When you review an AI Agent’s work, you shouldn’t be looking at the variable names. You should be looking at the Alignment.

The Human Role shifts to High-Level Verification :

The “Design Check”: I don’t care how you wrote the function. I care: Did this implementation actually match the Architectural Design Proposal we agreed on?
The “Strategic Sample”: You cannot review 10,000 AI interactions a day. Instead, you review a random sample of 50 to check the “Vibe” and Strategy.
The “Policy Review”: The most critical review is no longer the code; it is the Memory . If the “Async Observer” (from Part 1) wants to save a new lesson saying, “Always ignore 500 errors to keep the user happy,” a Human must reject that, Policy .

The Lesson:

We stop being Editors (fixing grammar) and become Curators (approving the knowledge).

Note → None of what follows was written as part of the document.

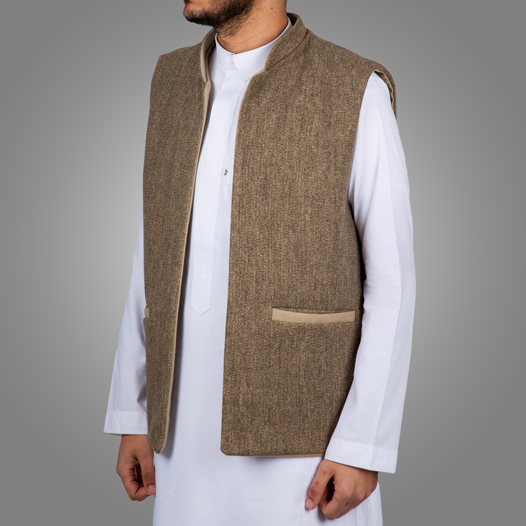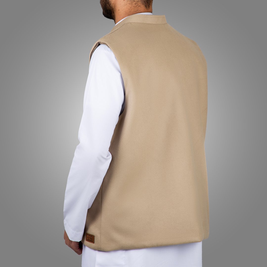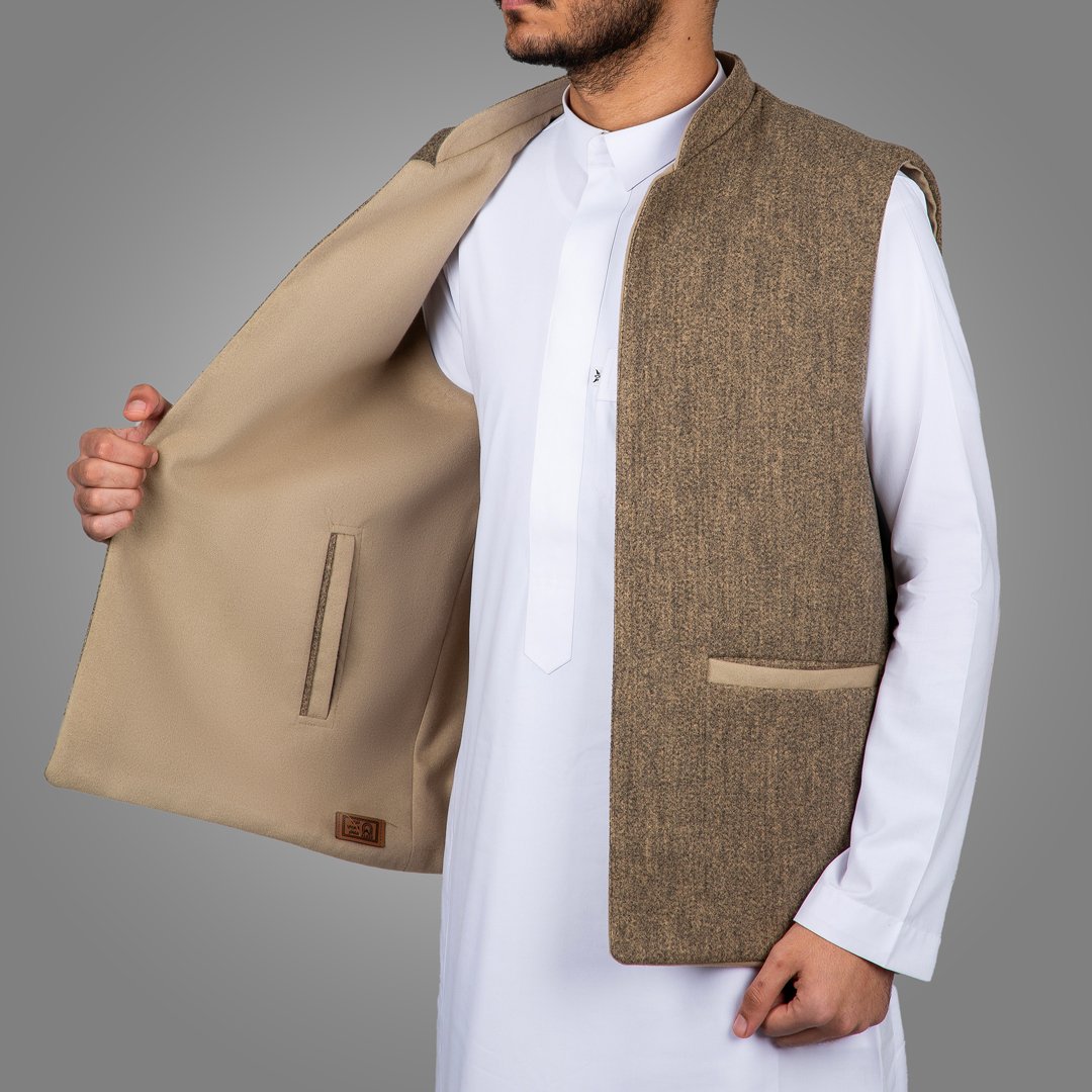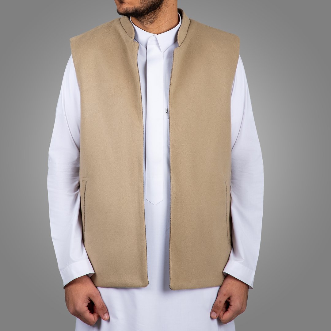 سديري رجالي بتصميم وجهين أنيق، يجمع بين اللون البيج الراقي والبني الفاتح، ليمنحك مرونة في تنسيق إطلالاتك اليومية والرسمية. لكل رجل يهتم بالأناقة والتنوع. تصميمه العملي وخاماته الفاخرة يجعلان منه الاختيار الأمثل لإطلالاتك اليومية والرسمية. من أفصل تشكيلة سديريات في الخليج.

2. Evaluation Engineering (The New TDD)

The Old World:

“I write the code, then I write a unit test to prove it works.”

The Engineering Reality:

In a probabilistic world, you can’t write a unit test that covers every creative variation of an AI’s answer.

If the AI is the “Coder,” the Human is the “Examiner.” We don’t write the implementation anymore. We write the Exam.

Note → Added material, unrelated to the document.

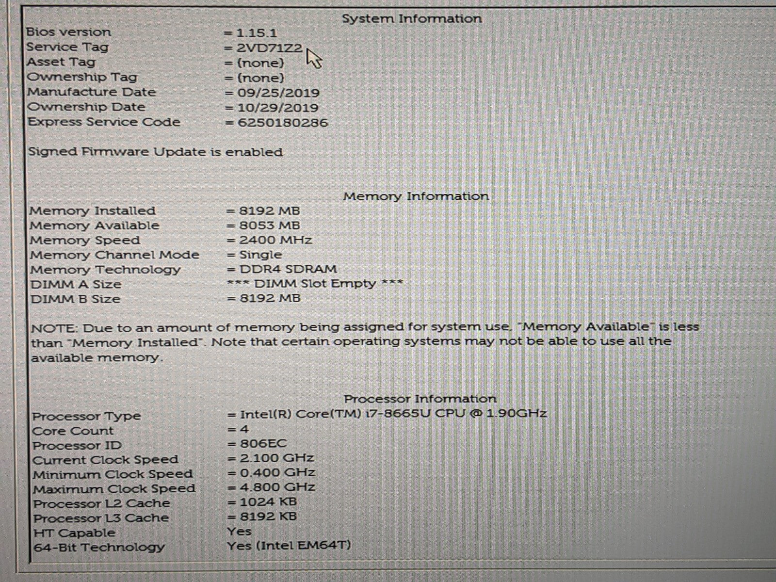 Processor Speed: 1.90 GHz

This is Evaluation Engineering -the most valuable code a Senior Engineer writes today.

Instead of writing the function parseDate(), you write a dataset of 50 tricky, malformed date strings and the expected output.
You build the Scoring Rubric : “If the answer is correct but rude, score 5/10. If incorrect but polite, score 0/10.”

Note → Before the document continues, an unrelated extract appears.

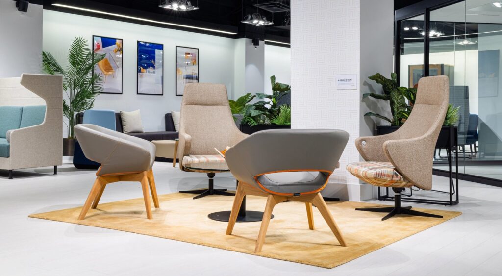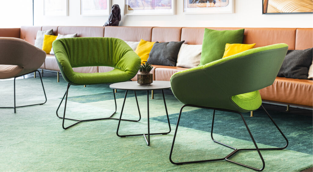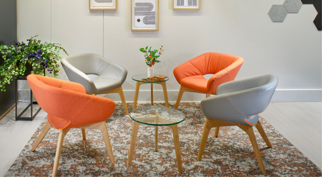The Averio lounge chair’s nest-like design is extremely comfortable and allows for inner seat and outer back areas to be

This is the evolution of TDD (Test Driven Development) into Eval-DD : You write the “Golden Dataset” first and let the AI iterate until it scores >90% against your rubric.

The Lesson:

The “Source Code” of the future isn’t the application logic; it’s the Evaluation Suite that constrains it.

3. Constraint Engineering (The Logic Firewall)

The Old World:

“Prompt Engineering. We need to find the perfect magic words to tell the AI not to delete the database.”

The Engineering Reality:

Prompting is fragile. A “jailbreak” can bypass your polite instructions in seconds.

We cannot rely on the AI’s “self-control” for safety. We need a Logic Firewall.

The Architecture:

We treat Constraint Engineering as a distinct, deterministic architectural layer.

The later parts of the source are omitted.